Great culture and values are not the exclusive responsibility of the Founders or the CEO. As we’ve grown, we’ve needed every person in the firm to take more accountability and responsibility for our people and culture. Every single person must represent our culture and values in everything they do and must expect themselves and the people around them to be great.  This is now explicitly emphasized in our performance reviews and we ask people to fight for it daily.

One consistent theme is that while organizations fight daily to defend their values, it is important to formalize the process of refreshing the company’s commitments.  Evolent has all employee meetings on a quarterly basis. With as many employees geographically distributed across the country, this is an expensive proposition- especially in the time allocated. But Dave believes that formally refreshing culture and values delivers a huge return on investment and this philosophy is not taken lightly. Per Dave, at the last all-company meeting, more than 50% of the entire gathering was spent on refreshing commitments to values and culture.  We are similar at Oxeon in that we have multiple days each year devoted exclusively to focus on non-search related growth, development, culture, values and mission.

Health Catalyst might even take it further. Dan commits to know every single employee by name and background and to have lunch with every single employee at least once a year. This was easy to do with 20 employees, right? But with 300, even knowing everyone’s name and greeting them in the elevator with “Hi Karen” is hard.  So what did they do? They hired two software developers to build an iPhone app that has different games and quizzes around identifying, knowing names and biographical information on all Health Catalyst employees. People score points and they have leaderboards and people use the app to test themselves, track those they get right and wrong and “train” themselves on the people they don’t know.  At the lunch sessions, Dan and another member of his executive leadership team ask for two things they love about working at Health Catalyst and one thing they’d change.  The proposed changes are brought, weekly, to the Leadership Team meeting and heard, prioritized and addressed. Their unlimited vacation policy - yup #17 on Modern Healthcare’s list - originated as an employee suggestion at lunch.

It is easy to say the company is too busy to do these types of things, but I am convinced that great organizations see it totally differently.
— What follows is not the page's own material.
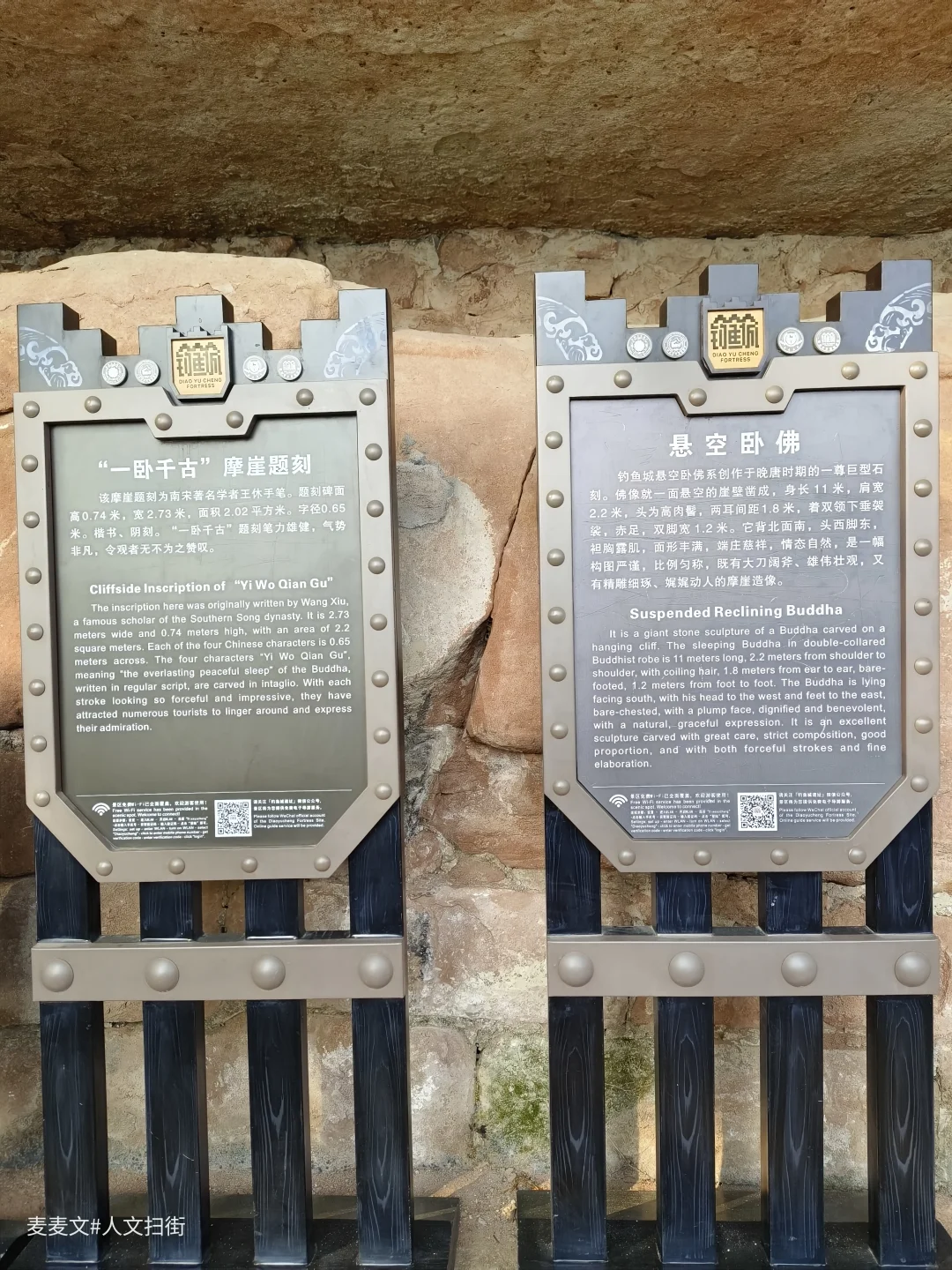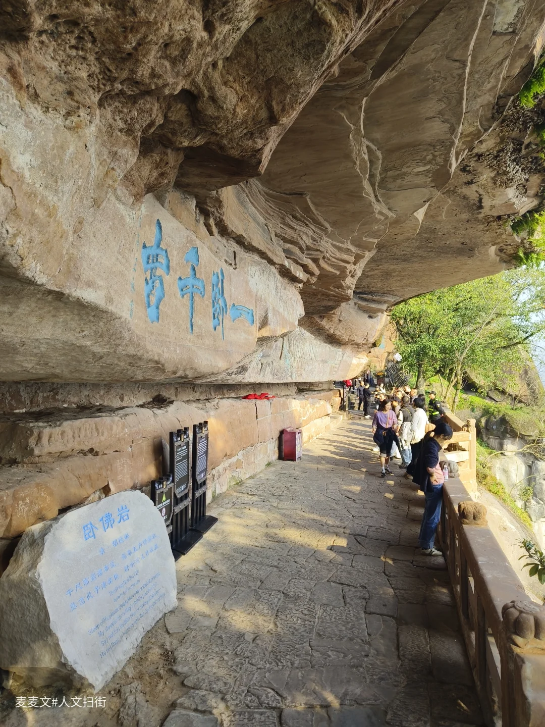 佛首上方,南宋学者王休题写的“一卧千古”四个大字笔力雄健,字径达0.65米,与卧佛意境完美相融,堪称钓鱼城“摩崖三绝”之一。历经宋元战火与千年风雨,佛身彩绘虽有斑驳,却依旧庄严。

Why Invest in People and Culture

If you were to rank the healthcare technology and service companies most likely to have enormous societal impact, Health Catalyst and Evolent may not trade off the #1 and #2 spots, but if they don’t, they are not far off.  Is it a coincidence that they were both huge culture and value proponents at the earliest stages of the company? I think not.  I also don’t believe it is coincidental that they have invested so much in scaling culture and values while their business operations scale.
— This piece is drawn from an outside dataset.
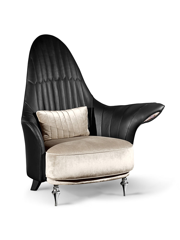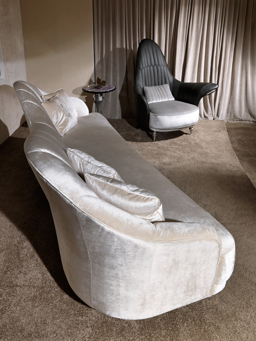 description | Structure in plywood and in solid wood, polyurethane foam in different densities Memory Foam® and acrylic fibre padding, backrest upholstery with capitonné rhombus pattern and seat cushion with light quilting. Back cushion in goose down, front feet in turned aluminium in chromed/golden/bronzed finishing and rear feet covered with fabric or leather. Option: decorative insert in the armrest in semi-precious stone or briar wood/veneer. |

Here at Oxeon, in a totally different stratosphere from Health Catalyst and Evolent, the same lessons apply.  I am quite sure that if we had not focused on giving great people the opportunity to “get out over their skis” and had not transitioned people who didn’t live up to our cultural values, we would never be in a position to impact 100,000,000 lives.  I also know that when we do achieve that goal, it will be solely due to our people and our cultural values—and I understand that today’s people and cultural values won’t necessarily be the same as those in place when we impact the 100,000,000th person.  My biggest hope is that they won’t be too different, and that everything we do today will be a part of everything we do then. As I think about what it will mean to achieve our stated goal, I know no investment is too large to make sure that happens!